For the sake of argument - as a Gedankenexperiment - I assume that the benign picture from South Africa holds up over the winter and that we will land at the optimistic end of the Goldman spectrum.
The picture for markets is “bad” in the immediate sense that jumpy, snake-bitten governments will shutter parts of the economy as a precaution.
Cross-border travel is already paralysed. But I doubt it will last long and it is in any case a small fraction of global GDP. In other respects, business has learned to cope brilliantly with the pandemic.
It is “good” to the extent that it brings this ordeal to a rapid climax and pulls forward the day when we can dismantle the suffocating architecture of perma-testing, flight curbs, vaccine passports, forced isolation, and state intrusion in people’s lives.
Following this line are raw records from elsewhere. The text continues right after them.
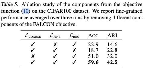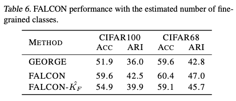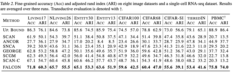 在没有细粒度基准标签的情况下训练了FALCON和基线模型。因此,报告细粒度聚类准确度作为评估指标。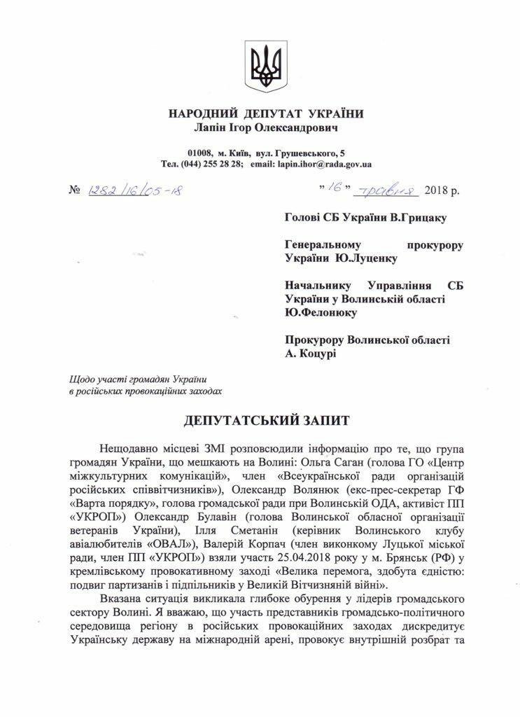 Лапін подав депутатський запит голові СБУ Василю Грицаку, Генпрокурору України Юрію Луценку, начальнику УСБУ у Волинській області Юрію Фелонюку та прокурору Волинської області Андрію Коцурі щодо покарання осіб, які взяли участь у кремлівському заході.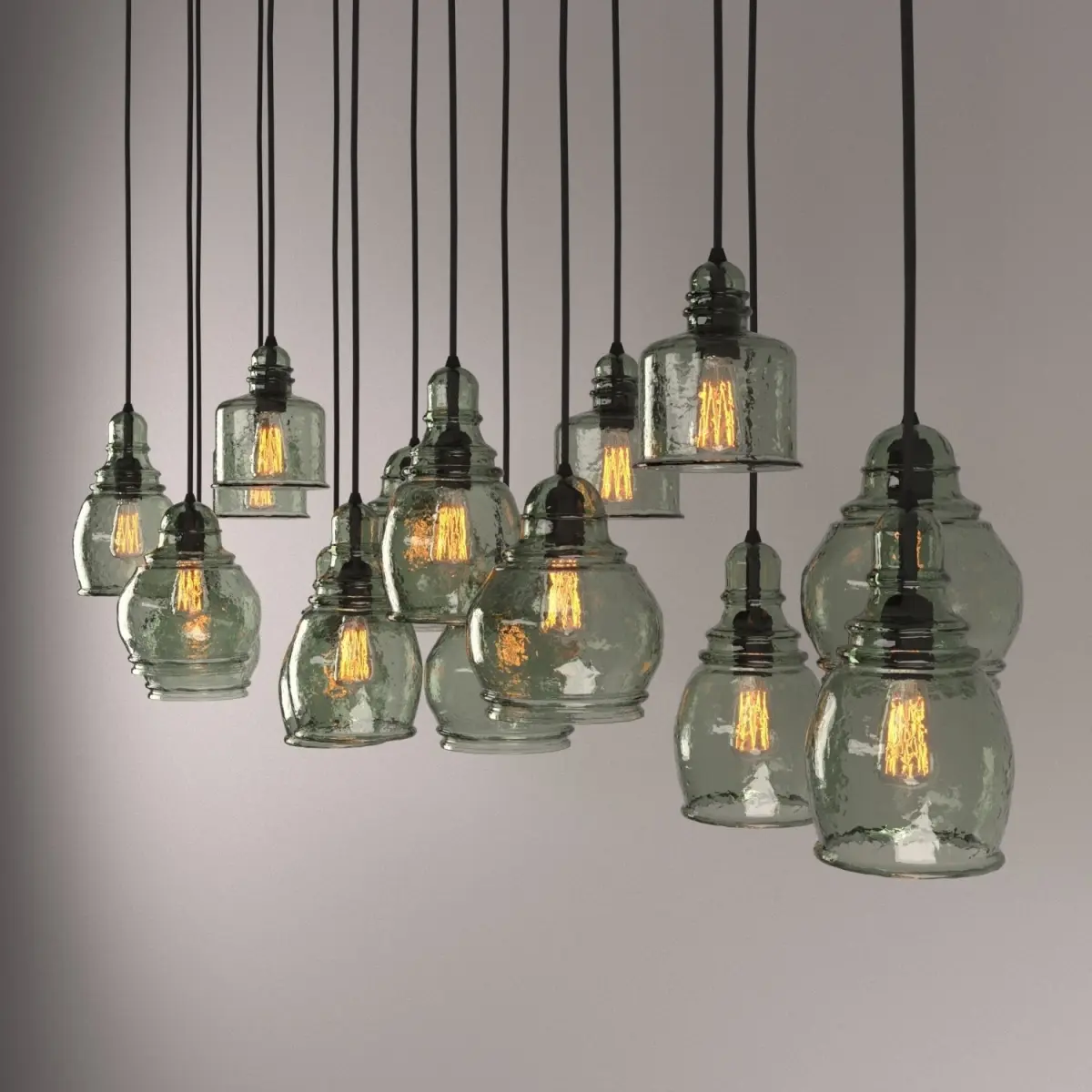 Scaled especially for high ceilings, our Paxton Pendant is a show-stopping piece. The shades are crafted of blown glass in eclectic shapes and feature a mottled texture with a subtle green hue.

Scientists will know in a couple of weeks whether Omicron has a lower case fatality rate than Delta.
They flag two obvious grounds for caution: viral infections tend to start with mild disease; and past waves show that young people tend to catch COVID first before it spreads up the age ladder.
The original cohort of patients breezing through surgeries in Johannesburg with little more than a headache may be a trick of the time sequence.
Should the benign scenario prevail, it will turbo-charge global economic growth and set off another leg of the commodity boom, probably pushing stock market indices to even frothier levels. You would not want to be in US Treasuries, gilts, or Bunds.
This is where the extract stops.